» INSTRUCTIONS FOR THE TASK:
Below is a listing. Return the lines from the one that contains "120,00 EUR |" to the one that contains "группу на занятия.", both ends included, verbatim and with no pictures.

» DATASET:
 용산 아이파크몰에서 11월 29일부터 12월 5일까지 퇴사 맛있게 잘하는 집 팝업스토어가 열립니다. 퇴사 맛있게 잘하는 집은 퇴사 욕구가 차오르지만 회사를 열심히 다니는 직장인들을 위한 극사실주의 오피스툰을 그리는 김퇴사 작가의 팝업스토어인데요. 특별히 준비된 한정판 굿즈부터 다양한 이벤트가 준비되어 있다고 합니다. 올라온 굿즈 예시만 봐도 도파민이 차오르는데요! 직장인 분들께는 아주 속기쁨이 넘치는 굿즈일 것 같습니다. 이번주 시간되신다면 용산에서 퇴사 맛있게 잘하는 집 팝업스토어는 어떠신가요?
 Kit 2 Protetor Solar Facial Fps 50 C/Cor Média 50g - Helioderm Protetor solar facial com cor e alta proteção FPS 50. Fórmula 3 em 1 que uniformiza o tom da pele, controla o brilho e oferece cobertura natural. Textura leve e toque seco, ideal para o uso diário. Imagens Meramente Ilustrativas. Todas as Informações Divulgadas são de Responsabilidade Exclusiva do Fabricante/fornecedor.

--

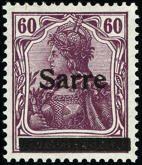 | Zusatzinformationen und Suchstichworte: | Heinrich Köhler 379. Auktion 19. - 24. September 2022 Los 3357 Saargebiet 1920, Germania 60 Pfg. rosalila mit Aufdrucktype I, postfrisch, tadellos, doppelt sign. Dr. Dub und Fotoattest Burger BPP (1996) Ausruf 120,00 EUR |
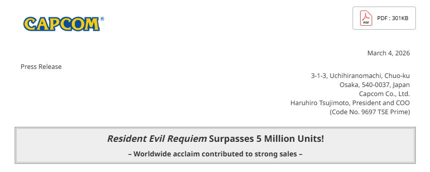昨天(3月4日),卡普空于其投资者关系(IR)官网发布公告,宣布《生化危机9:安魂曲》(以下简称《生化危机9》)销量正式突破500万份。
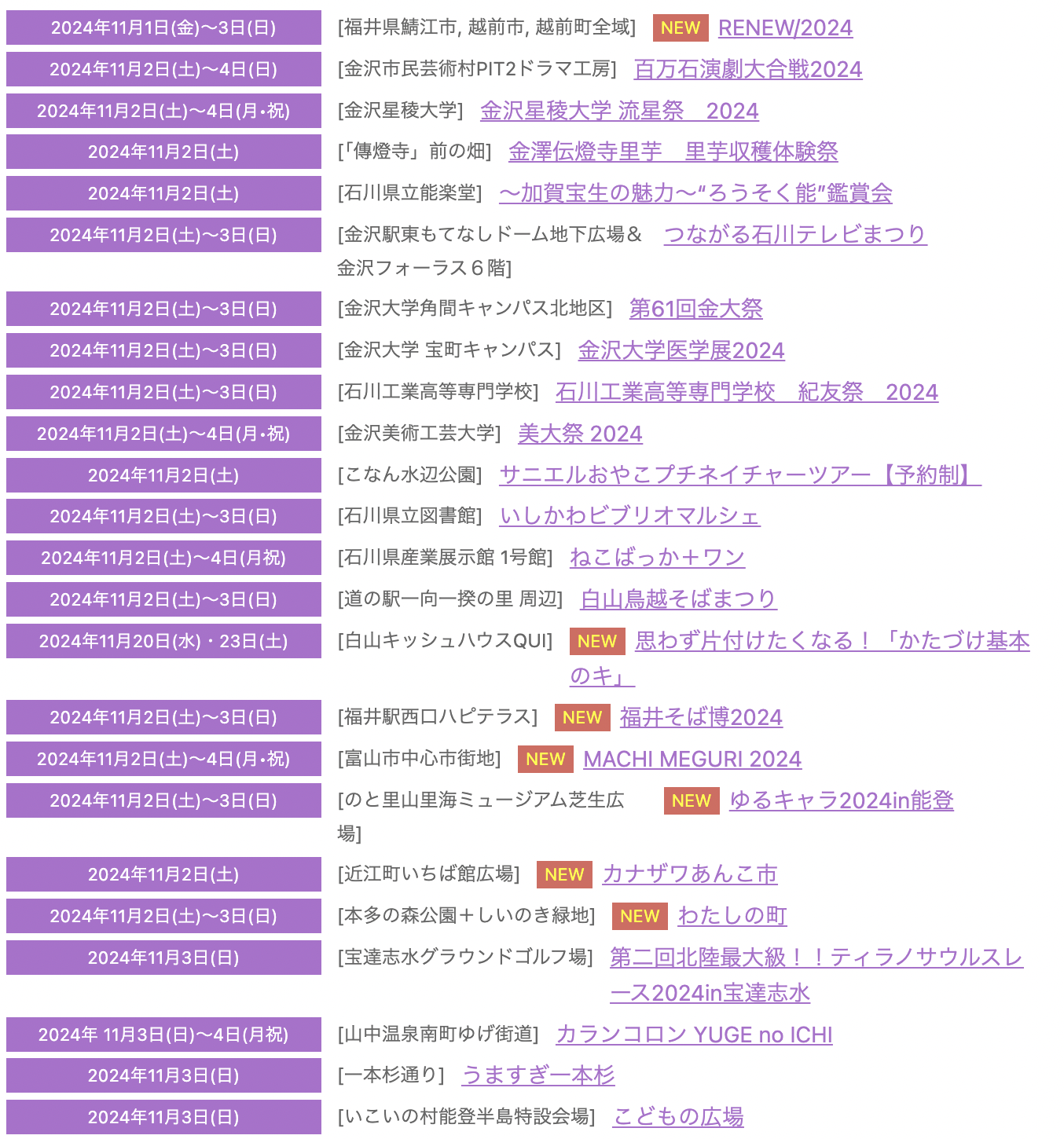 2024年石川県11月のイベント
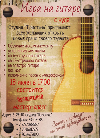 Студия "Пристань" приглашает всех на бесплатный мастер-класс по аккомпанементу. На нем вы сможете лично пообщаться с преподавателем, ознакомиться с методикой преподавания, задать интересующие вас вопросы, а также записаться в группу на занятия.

» ANSWER TO THIS EXERCISE:
 | Zusatzinformationen und Suchstichworte: | Heinrich Köhler 379. Auktion 19. - 24. September 2022 Los 3357 Saargebiet 1920, Germania 60 Pfg. rosalila mit Aufdrucktype I, postfrisch, tadellos, doppelt sign. Dr. Dub und Fotoattest Burger BPP (1996) Ausruf 120,00 EUR |
昨天(3月4日),卡普空于其投资者关系(IR)官网发布公告,宣布《生化危机9:安魂曲》(以下简称《生化危机9》)销量正式突破500万份。
 2024年石川県11月のイベント
 Студия "Пристань" приглашает всех на бесплатный мастер-класс по аккомпанементу. На нем вы сможете лично пообщаться с преподавателем, ознакомиться с методикой преподавания, задать интересующие вас вопросы, а также записаться в группу на занятия.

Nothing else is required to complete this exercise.